**REQUIREMENT**
Note on the material below: return exactly the lines from the line that holds "เล็ง ! สามารถทำยอดขายได้เกินเป้า" through the line that holds "- (1)トラス22連. 上流側の下り内外線(鈑桁),下流側の梅田貨物線(複線プラットトラス)に挟まって架かっている.", and leave out each picture.

**INPUT RECORDS**
BEGIN

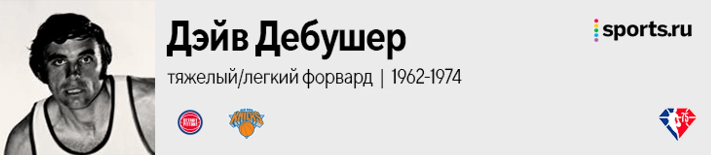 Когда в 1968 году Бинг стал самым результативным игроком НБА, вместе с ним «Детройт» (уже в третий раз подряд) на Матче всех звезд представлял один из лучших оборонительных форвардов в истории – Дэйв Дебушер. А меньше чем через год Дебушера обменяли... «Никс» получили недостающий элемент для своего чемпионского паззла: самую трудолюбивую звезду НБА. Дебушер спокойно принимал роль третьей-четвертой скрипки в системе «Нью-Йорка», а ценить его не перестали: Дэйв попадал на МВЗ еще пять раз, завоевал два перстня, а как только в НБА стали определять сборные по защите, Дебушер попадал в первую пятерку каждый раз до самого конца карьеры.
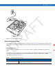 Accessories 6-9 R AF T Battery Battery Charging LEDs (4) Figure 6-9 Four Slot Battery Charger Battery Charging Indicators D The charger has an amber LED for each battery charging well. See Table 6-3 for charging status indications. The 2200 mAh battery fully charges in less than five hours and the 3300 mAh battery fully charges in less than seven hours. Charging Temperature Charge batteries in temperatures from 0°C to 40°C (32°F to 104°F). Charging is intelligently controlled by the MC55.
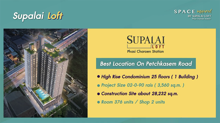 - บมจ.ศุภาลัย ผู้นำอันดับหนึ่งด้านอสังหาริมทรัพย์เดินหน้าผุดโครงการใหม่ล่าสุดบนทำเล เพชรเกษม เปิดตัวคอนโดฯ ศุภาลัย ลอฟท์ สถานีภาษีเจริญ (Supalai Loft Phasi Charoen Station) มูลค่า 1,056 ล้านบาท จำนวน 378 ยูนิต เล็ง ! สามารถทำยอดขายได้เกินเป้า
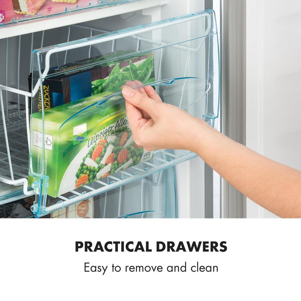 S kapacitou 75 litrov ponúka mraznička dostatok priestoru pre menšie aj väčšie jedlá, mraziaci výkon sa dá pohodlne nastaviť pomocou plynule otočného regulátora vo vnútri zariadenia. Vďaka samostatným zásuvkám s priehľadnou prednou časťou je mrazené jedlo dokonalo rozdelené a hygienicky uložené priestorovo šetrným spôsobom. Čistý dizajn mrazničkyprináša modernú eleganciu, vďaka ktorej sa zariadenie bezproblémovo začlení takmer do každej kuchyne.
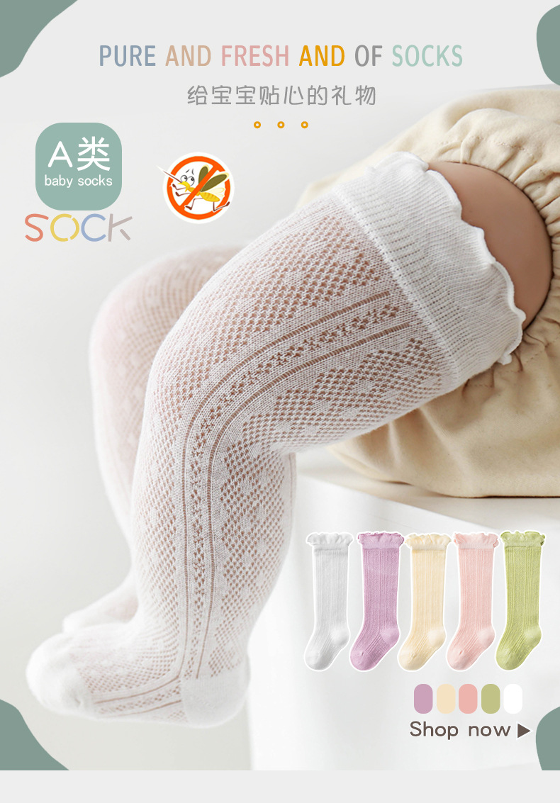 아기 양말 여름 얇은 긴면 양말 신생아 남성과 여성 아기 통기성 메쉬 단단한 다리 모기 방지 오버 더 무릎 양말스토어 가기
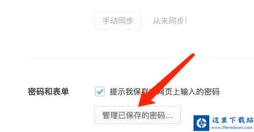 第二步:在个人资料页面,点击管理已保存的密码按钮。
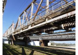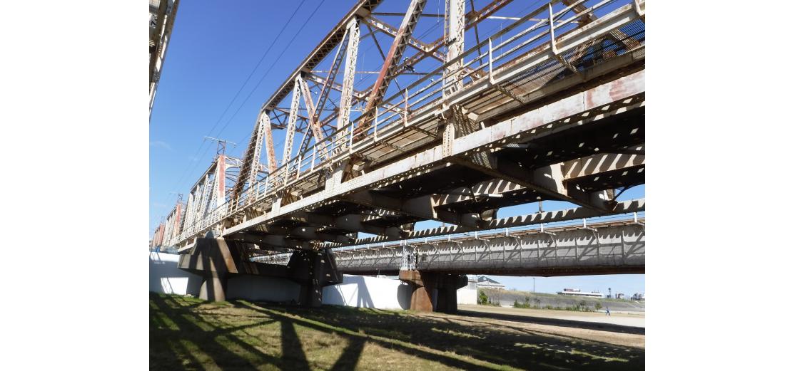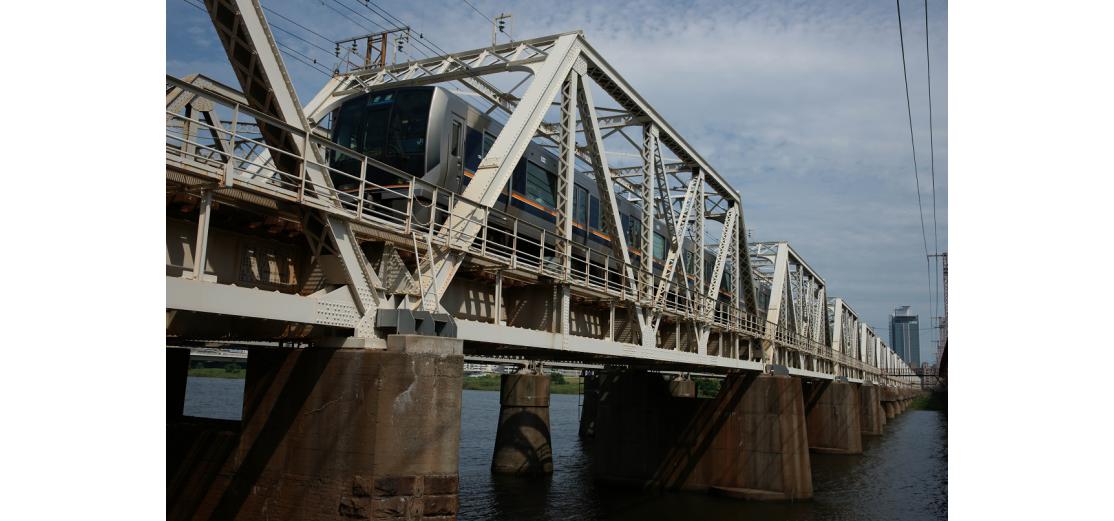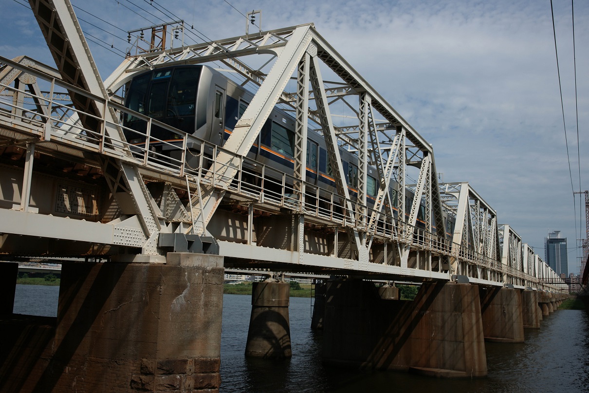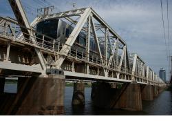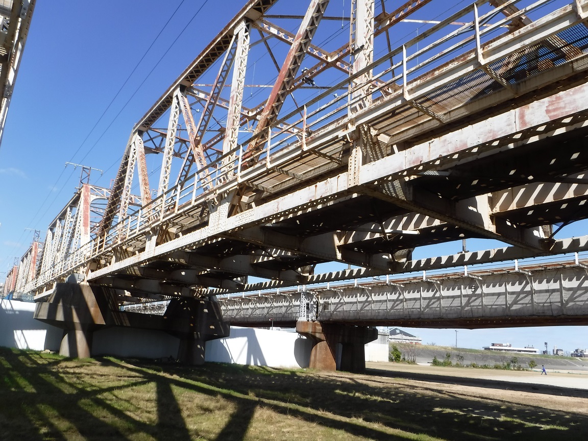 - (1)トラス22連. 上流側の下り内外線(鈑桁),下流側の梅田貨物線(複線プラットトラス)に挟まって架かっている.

END
BEGIN

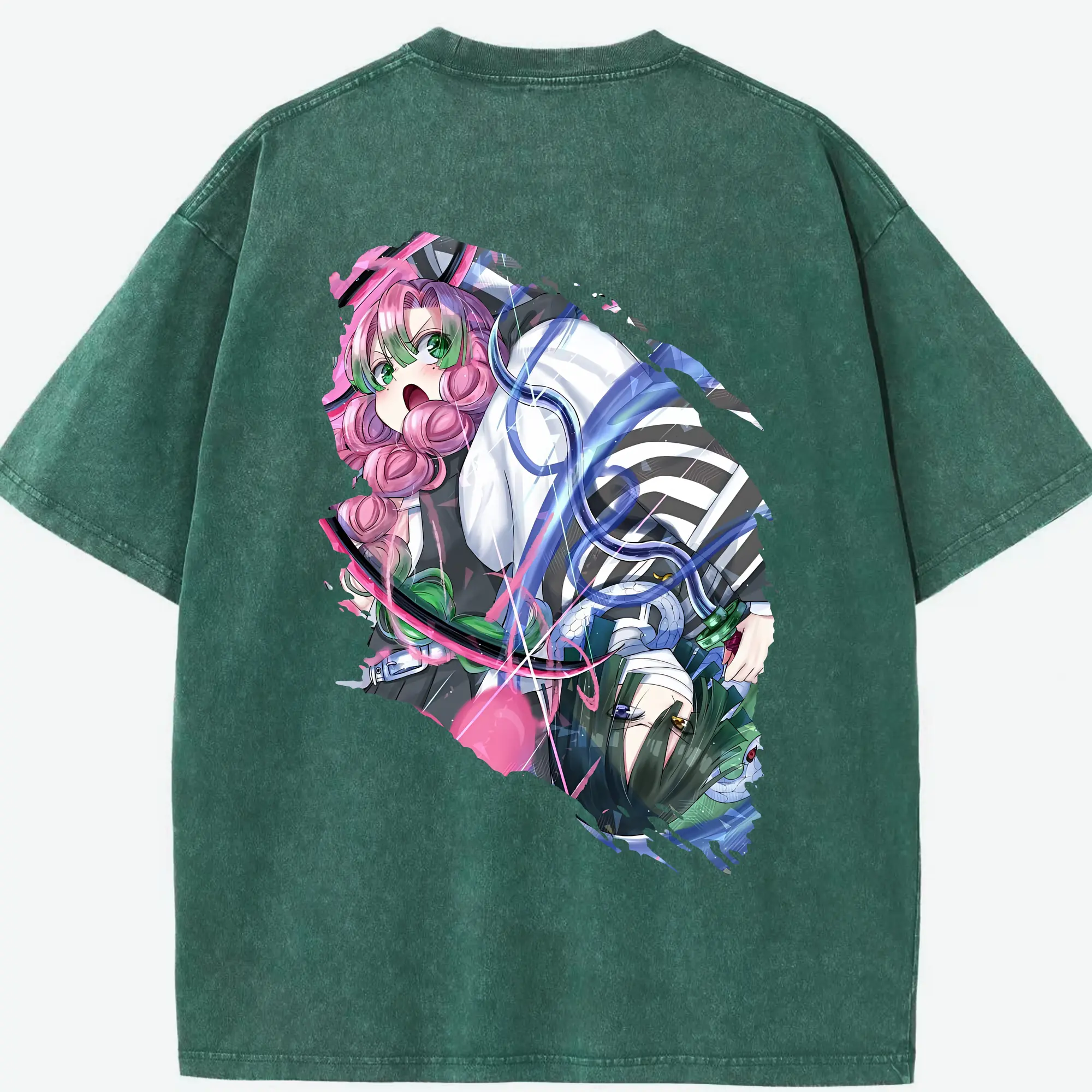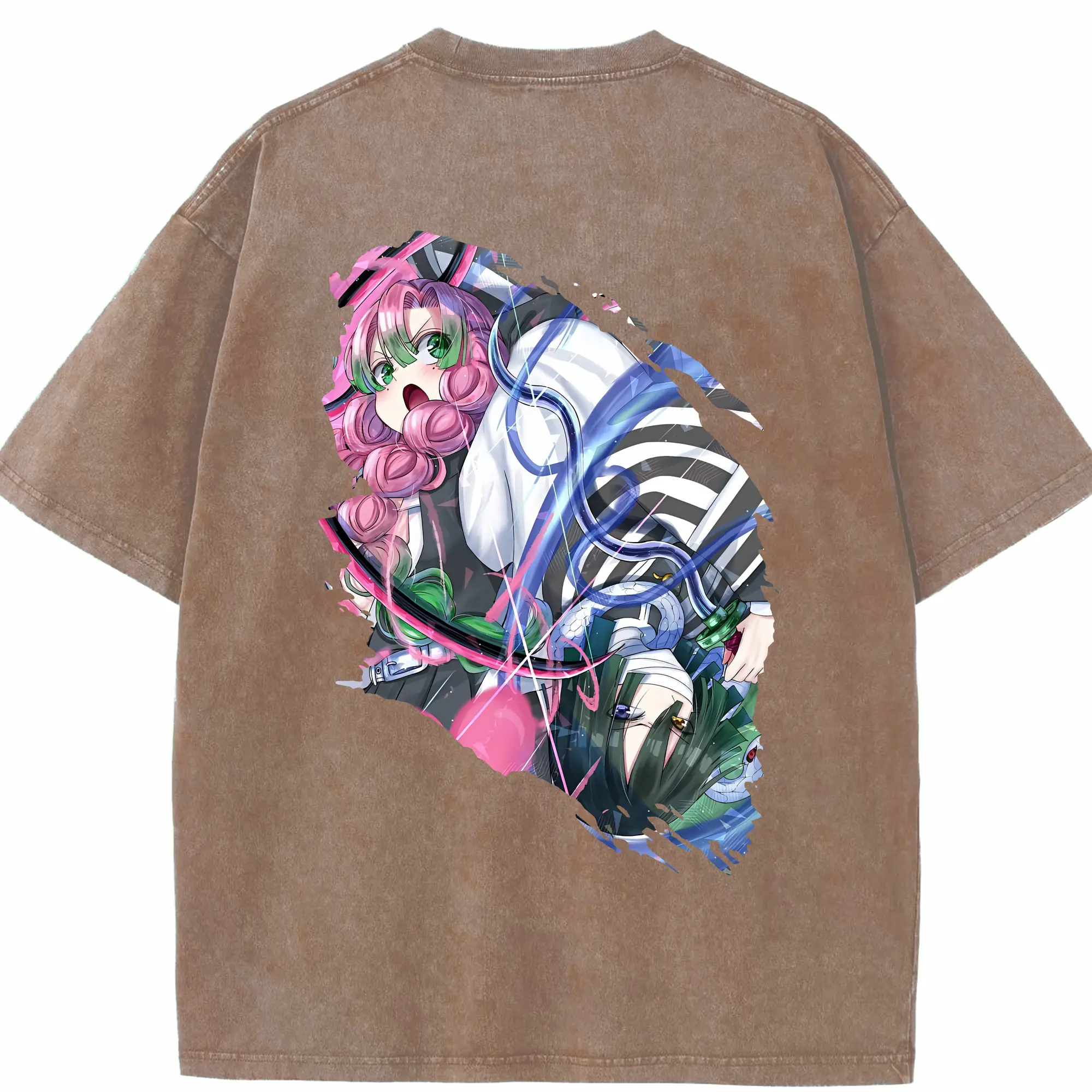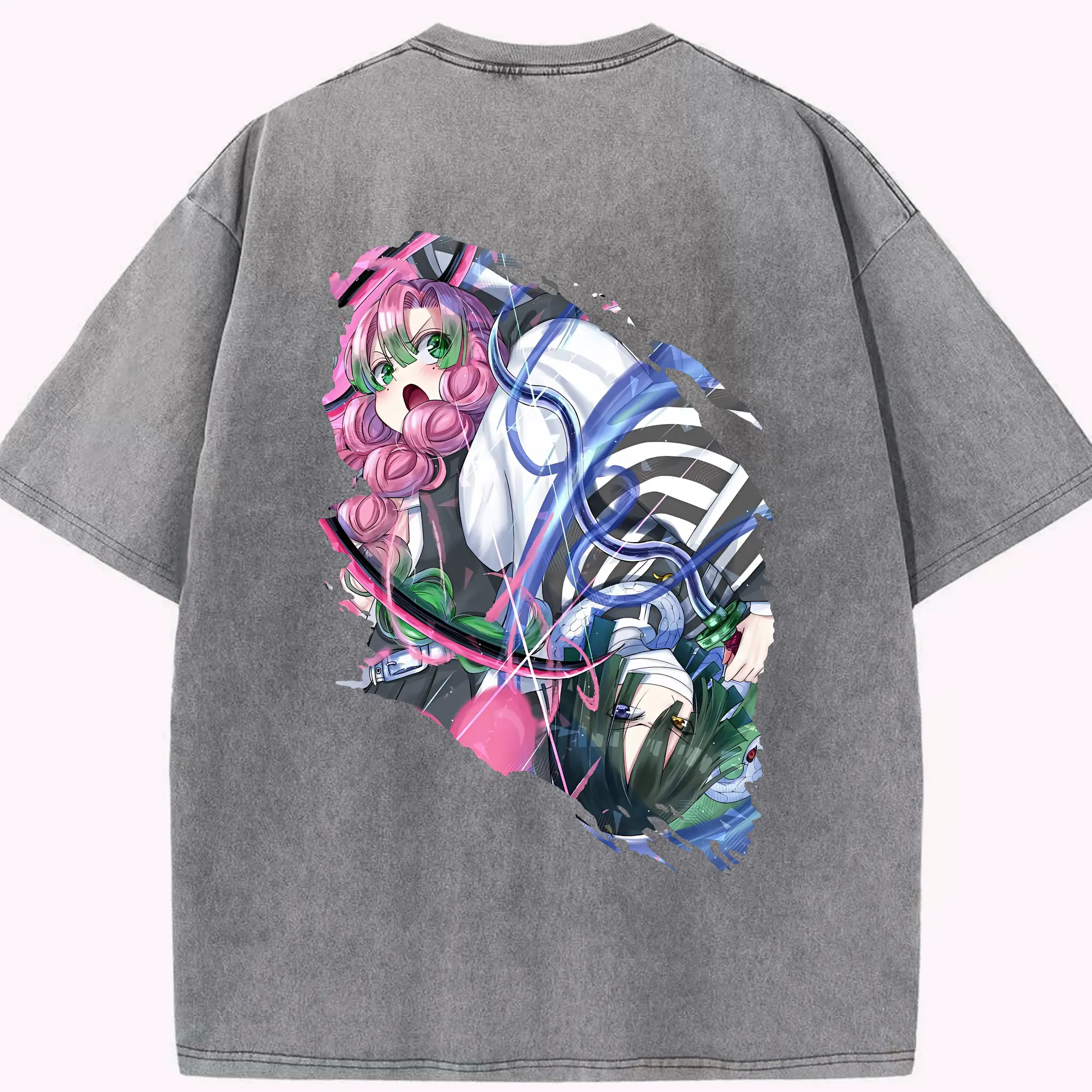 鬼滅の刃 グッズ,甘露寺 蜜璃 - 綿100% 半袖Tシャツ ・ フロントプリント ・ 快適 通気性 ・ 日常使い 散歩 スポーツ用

END

**TASK SOLUTION**
 - บมจ.ศุภาลัย ผู้นำอันดับหนึ่งด้านอสังหาริมทรัพย์เดินหน้าผุดโครงการใหม่ล่าสุดบนทำเล เพชรเกษม เปิดตัวคอนโดฯ ศุภาลัย ลอฟท์ สถานีภาษีเจริญ (Supalai Loft Phasi Charoen Station) มูลค่า 1,056 ล้านบาท จำนวน 378 ยูนิต เล็ง ! สามารถทำยอดขายได้เกินเป้า
 S kapacitou 75 litrov ponúka mraznička dostatok priestoru pre menšie aj väčšie jedlá, mraziaci výkon sa dá pohodlne nastaviť pomocou plynule otočného regulátora vo vnútri zariadenia. Vďaka samostatným zásuvkám s priehľadnou prednou časťou je mrazené jedlo dokonalo rozdelené a hygienicky uložené priestorovo šetrným spôsobom. Čistý dizajn mrazničkyprináša modernú eleganciu, vďaka ktorej sa zariadenie bezproblémovo začlení takmer do každej kuchyne.
 아기 양말 여름 얇은 긴면 양말 신생아 남성과 여성 아기 통기성 메쉬 단단한 다리 모기 방지 오버 더 무릎 양말스토어 가기
 第二步:在个人资料页面,点击管理已保存的密码按钮。
 - (1)トラス22連. 上流側の下り内外線(鈑桁),下流側の梅田貨物線(複線プラットトラス)に挟まって架かっている.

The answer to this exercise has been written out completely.